Part II: Re-Opening Pandora's Box
The Presses Roll
|If you missed Part One of the history, check it out here
As the news spread of the kind of games Gygax and Arneson were playing, the two were inundated with requests for a definitive and complete set of rules. Tentatively, they took their idea to all the big gaming companies, only to be knocked back time and again. Finally in 1974 they decided to publish the game themselves, through Gygax's "basement" company, TSR.
It was "not a hot reception", Gygax later admitted. It took almost a year for the first 1000 copies to sell out. The second 1000 copies sold out in just under six months, and from there sales increased exponentially. By 1979, D&D was selling at 7000 copies a month, and today TSR are still the biggest RPG company in the world. But that's getting ahead of ourselves.
|In fact, the three booklet approach was copied so much it became the standard for the next five years!

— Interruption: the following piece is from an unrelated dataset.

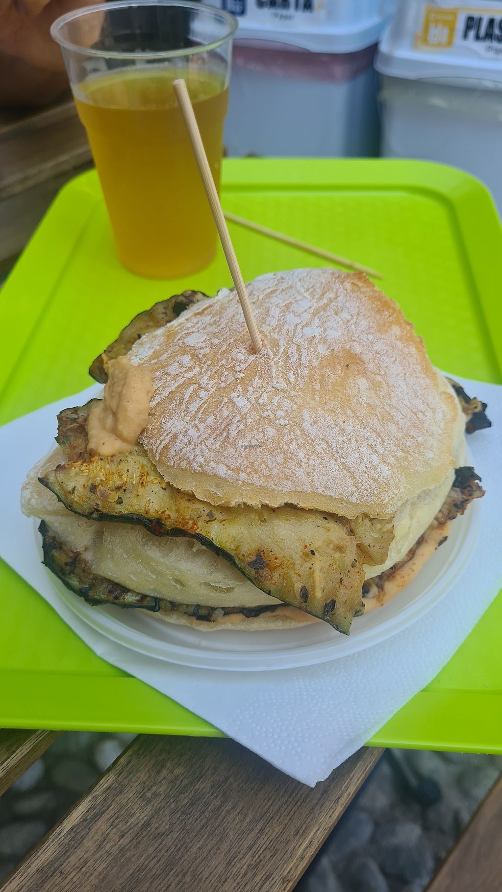 Un panino vegano con zucchine e hummus molto buono.

The original edition borrowed Chainmail's form of three separate booklets, and a lot else besides. The rules were written for the gaming circles to which Gygax and Arneson belonged, and presumed a familiarity with the rules and style they were used to. For first time gamers, though, it could be confusing and frustrating: at one point the rules actually say "Combat (here) is conducted as in Chainmail". The spell system was incredibly vague, and the combat statistics tables were almost incomprehensible.
Suprisingly, though, this was to work in favour of the hobby rather than against them. This was for two reasons. Firstly, the impenetrable rules forced players to invent their own rules and interpretations, and to begin thinking about rules systems and their design. It was here that the future RPG designers were being born.

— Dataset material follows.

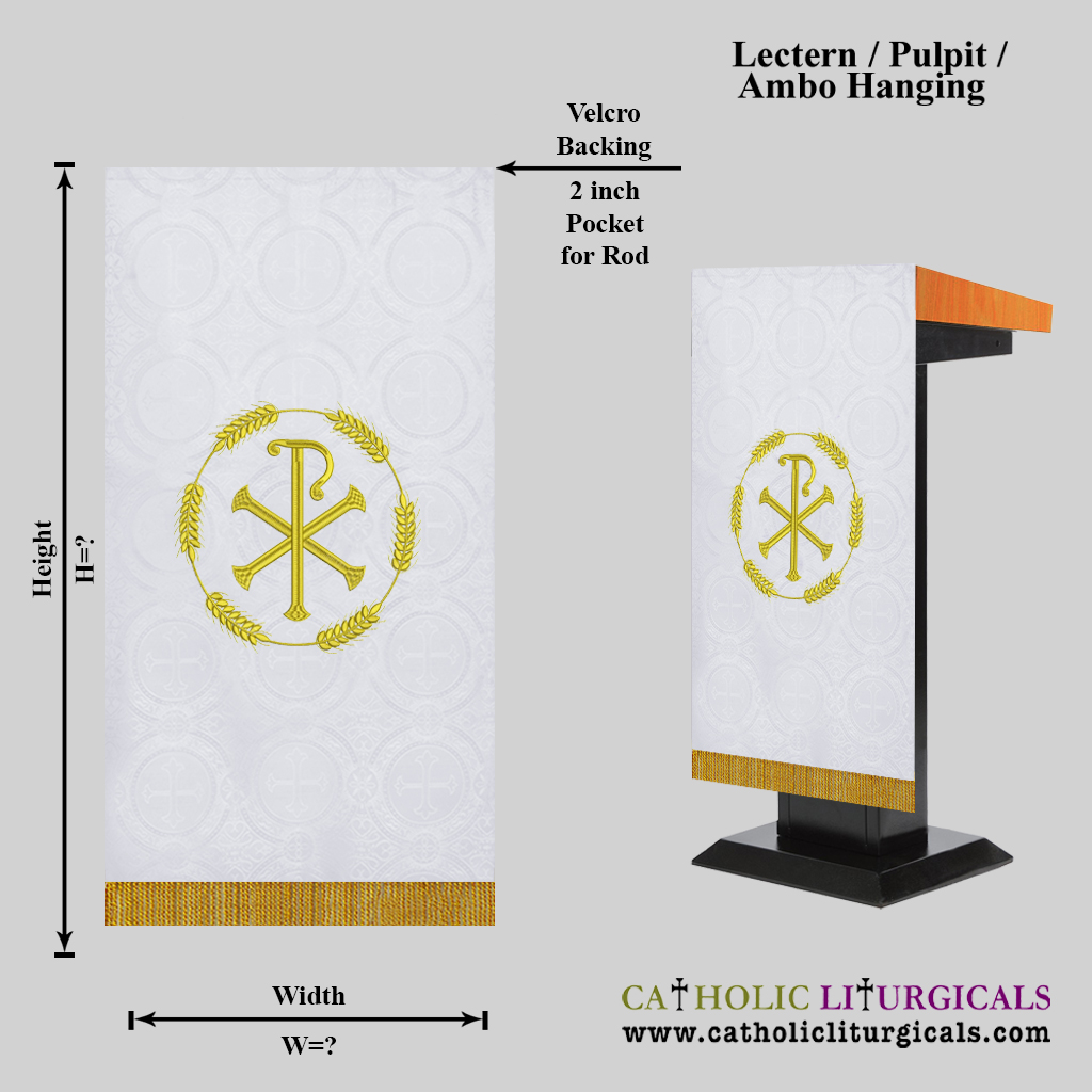 Please select the size as per your pulpit height requirement. i.e if you want a hanging of 20 inches, please select 24 inches. Also if you would like to have velcro or 3 inch extra fabric on the top instead of the 2 inch pocket, we can do that at no extra cost. Please email us as soon as you make the payment for any custom changes.

Secondly, players were focusing not on the game itself, but the idea behind the game. Though the rules were far from perfect, people recognised the potential of the new and incredible concept around which the game revolved. D&D is perhaps the first game that players purchased with the knowledge that at least half of the rules would have to be discarded or seriously altered.
The Great Pretenders
The focus on the idea rather than the game, and the need to rewrite the rules, led to every gaming group coming up with what was, basically, their own version of the game. Naturally, everyone wanted to share their "correct" version with the gaming community. It wasn't long before the world was being flooded with newsletters, fanzines and journals devoted to discussing the "best" ways to play the game.
|A&E still exists, and you can find out more about it at its web-site here. Dragon's page can be found here.
Gygax and Arneson developed their own magazine, entitled The Dragon Rumbles. This eventually became The Dragon, and then just Dragon, as it is known today. Another big seller of the time was Alarums and Excursions. Although a fanzine, it has been around longer than Dragon, and has almost as large a readership. In a few years, D&D had generated more discussion, analysis, revision and reconstruction then any other game in history. It was only a matter of time before some of these gaming groups decided that, rather than send off their design to a magazine, they should publish it themselves.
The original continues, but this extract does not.